11th Jan 2018 by Kurt Garloff

Outlook

With updated images, intel microcode updates, the KPTI kernel workarounds in our infrastructure, and workarounds in our KVM and XEN kypervisors, we will have addressed Spectre-2 and Meltdown-3, thus resolving all known scenarios that threaten process, container and virtualization isolation. More remains to be done.

The KPTI approach to mitigate the Meltdown-3 attack vector is well understood and can be considered mature. It has a performance price; on CPUs that support address space identifiers, that seems to be <10% in many real-world scenarios. Some minor improvements may be found but the author does not expect radical improvements here.

Specte-2 (BTB poisoning target injection) is more complex; as of calendar week 2, the mitigation mechanisms are still in discussion. intel's approach with using microcode updates that limit branch prediction when crossing protection boundaries together with kernel (IBRS) and hypervisor patches seem to comprehensively address the issue. But the performance cost on Broadwell (v4) seems huge -- we hope that the final microcode update addresses this.

For some processors (fortunately non in OTC), microcode updates are not available -- alternative approaches such as Google's retpolines might be used. Other approaches are thinkable.

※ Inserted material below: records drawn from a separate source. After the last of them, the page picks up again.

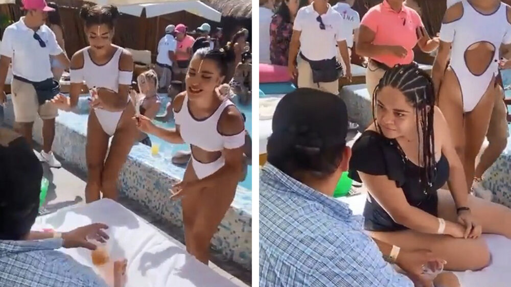 Na al dat harde werken heeft 'ie een luxe all inclusive-vakantie aan het zwembad meer dan verdiend. Hij neemt het er ook lekker van als een groepje dames hem shotjes aanbieden. Yes, wat kan het leven toch mooi... fak, moeders de vrouw gooit weer eens roet in het eten.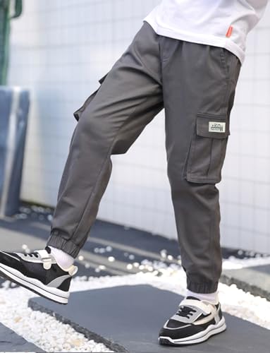 AUBIG Boys Cargo Joggers Pants Elastic Waist Casual Jogging Trousers Bottom for Kids Hiking School Sweatpants 5-16 Years 4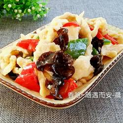 4. Soak the fungus in clean water., wash; wash and slice green and red peppers; cut onions, ginger and garlic into patterns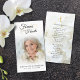 Funeral Photo God's Garden Cross God's Garden Poem Prayer Card. Keep the memory of a loved one close with this custom personalised prayer card featuring one treasured photo, the title FOREVER IN OUR HEARTS accented with two gold hearts, name and dates on the front and an editable prayer or your remembrance message accented with a gold cross with a muted background of white flowers or replace with your own photo or image. The sample shows the poem "God's Garden." With its simple yet elegant classic black and white design accented with gold and calligraphy script typography, it makes a meaningful keepsake to share at a funeral, memorial service or Celebration of Life and offers comfort and a lasting tribute for family and friends. Its small and portable size of 3.5x2" (wallet-sized) makes it convenient for loved ones to carry it with them as a reminder of your loved one’s life and spirit.

What is not fully addressed this way is the somewhat less severe Spectre-1 vulnerability. So userspace applications and especially interpreter/JIT runtimes will need additional code changes most probably supported by compiler enhancements to make all their security checks safe again and prevent unauthorized data reads.

We expect the Spectre-1 updates to keep the industry busy for a while and expect to see many application updates over the next months to strengthen the protection against the described CPU issues. We will of course apply these updates when they affect us and provide them to customers in our online repository mirrors and via updated images.

The pattern -- CPUs not fully cleaning up microarchitectural state that is observable after aborted speculation -- may lead to future discoveries on new attack vectors. While cache effects have been exploited in the three attack vectors from the researchers, there is more microarchitectural state to be explored, such as cache snooping traffic on multiprocessor systems for example. The author expects that a few more attack approaches will be discovered and that not all of them will have been already addressed by the current mitigation mechanisms.

Future CPU generations will have to more be more careful on speculatively delaying permission checks and more careful about cleaning up. In order to not disable speculation completely, which would results in very poori single-thread performance, programmers (assisted by tools) may need to annotate checks that are security relevant to ensure that speculation can be limited selectively. It will take a while for CPU designers to come up with new and more secure designs and the software industry to understand that speculation may make regular checks not safe enough.

The CPU vendors knew about this issue now for half a year -- given the lead times in CPU engineering, it will probably take another year before a new generation of CPUs with better speculation containment will be available in mass quantities to replace the current flawed CPUs. One can only hope that the mitigations found and implemented by then are good enough to prevent major security breaches without reducing performance to a degree that they become impractical. We might also observe shifts in the market towards vendors that are less exposed by the design flaws or have proven to react better than others.

To protect themselves, IT users will always need to create systems where they have the ability to react quickly and deploy patches with a short lead time with confidence. This was true before (to deploy fixes for more traditional issues) and became even more true with the new class of issues. The continuous integration and deployment systems that are used by modern software engineering and DevOps practices are of course very helpful in this regard.